§ **Task item**: Please return only the lines between the line with "Предистория: утром обнаружена" and the final line of the entries, both included, and exclude pictures.
───── Data for this task ─────
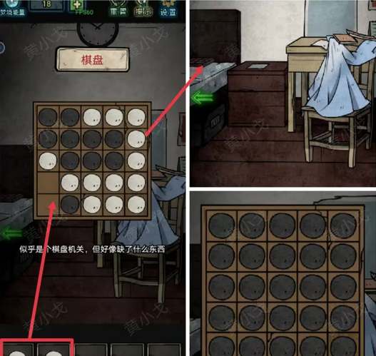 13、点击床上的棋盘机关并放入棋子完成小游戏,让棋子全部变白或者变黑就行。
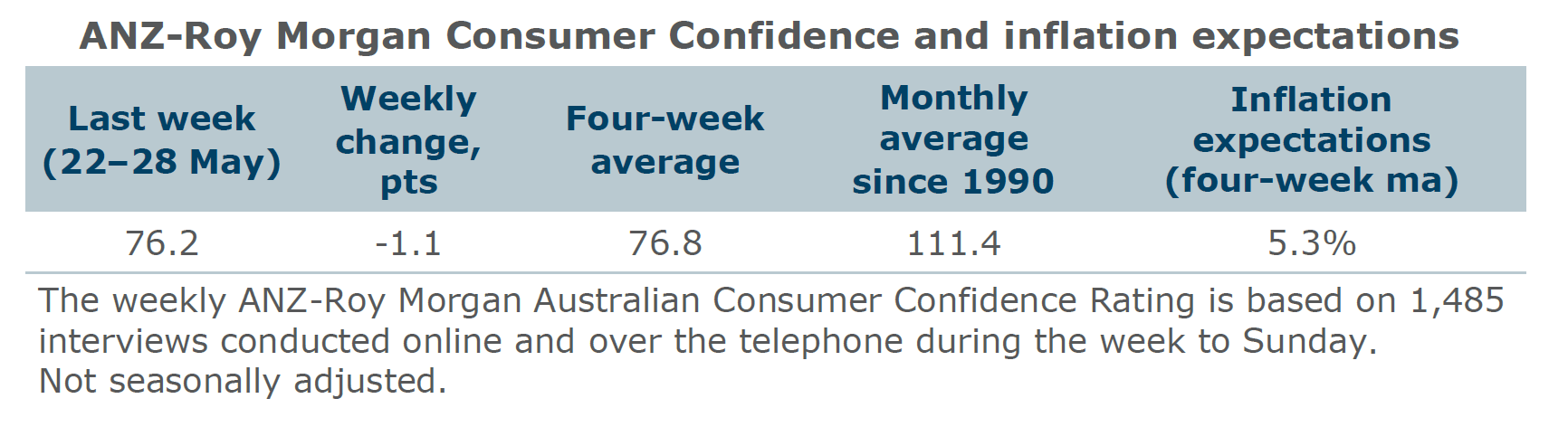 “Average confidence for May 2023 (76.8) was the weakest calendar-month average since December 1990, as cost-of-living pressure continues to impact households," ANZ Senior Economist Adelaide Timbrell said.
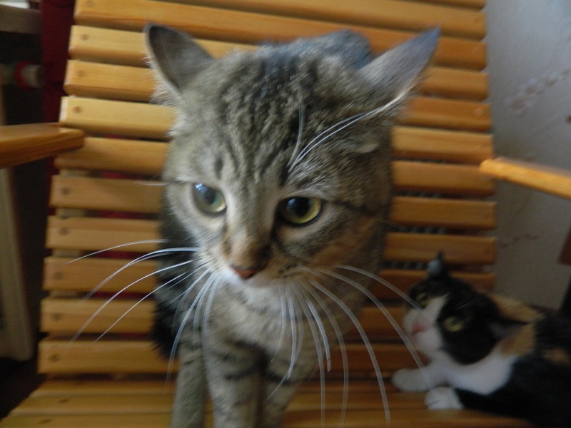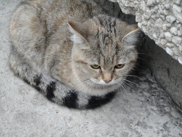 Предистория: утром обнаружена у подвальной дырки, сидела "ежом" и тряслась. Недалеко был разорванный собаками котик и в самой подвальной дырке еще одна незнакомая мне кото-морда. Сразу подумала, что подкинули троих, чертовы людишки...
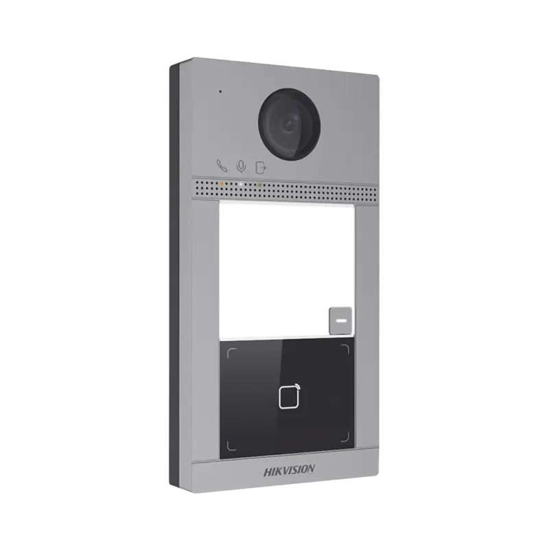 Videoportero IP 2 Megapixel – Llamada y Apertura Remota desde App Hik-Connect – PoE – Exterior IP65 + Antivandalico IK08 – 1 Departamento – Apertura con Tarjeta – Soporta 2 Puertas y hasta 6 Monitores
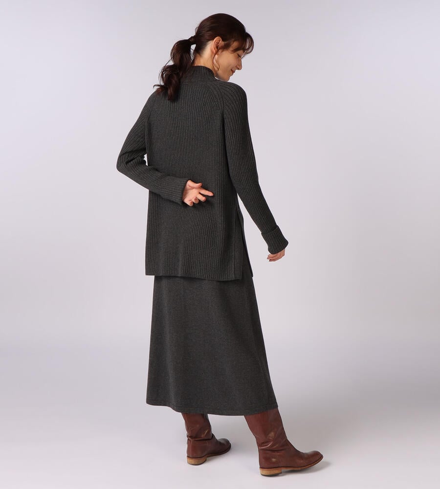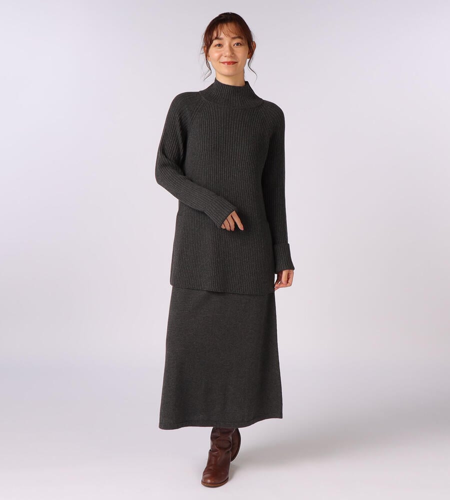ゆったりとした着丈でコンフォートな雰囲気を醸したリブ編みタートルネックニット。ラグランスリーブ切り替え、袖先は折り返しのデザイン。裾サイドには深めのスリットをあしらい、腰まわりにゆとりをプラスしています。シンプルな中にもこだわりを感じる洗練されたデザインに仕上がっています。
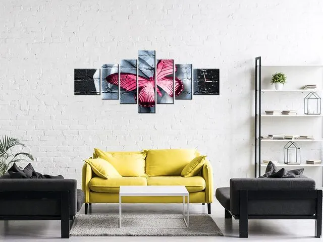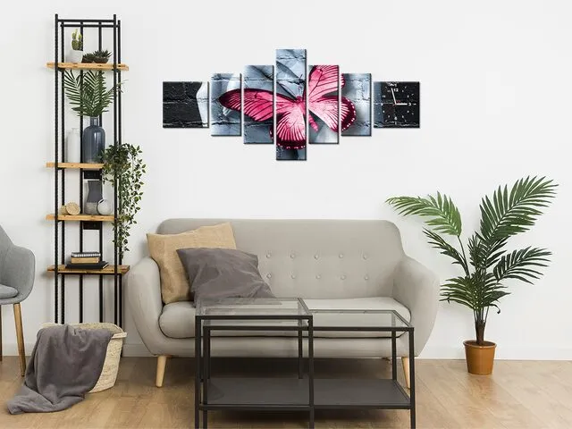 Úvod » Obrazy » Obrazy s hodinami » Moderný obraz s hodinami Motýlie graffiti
─────
§ **Solution to the exercise**:
 Предистория: утром обнаружена у подвальной дырки, сидела "ежом" и тряслась. Недалеко был разорванный собаками котик и в самой подвальной дырке еще одна незнакомая мне кото-морда. Сразу подумала, что подкинули троих, чертовы людишки...
 Videoportero IP 2 Megapixel – Llamada y Apertura Remota desde App Hik-Connect – PoE – Exterior IP65 + Antivandalico IK08 – 1 Departamento – Apertura con Tarjeta – Soporta 2 Puertas y hasta 6 Monitores
ゆったりとした着丈でコンフォートな雰囲気を醸したリブ編みタートルネックニット。ラグランスリーブ切り替え、袖先は折り返しのデザイン。裾サイドには深めのスリットをあしらい、腰まわりにゆとりをプラスしています。シンプルな中にもこだわりを感じる洗練されたデザインに仕上がっています。
 Úvod » Obrazy » Obrazy s hodinami » Moderný obraz s hodinami Motýlie graffiti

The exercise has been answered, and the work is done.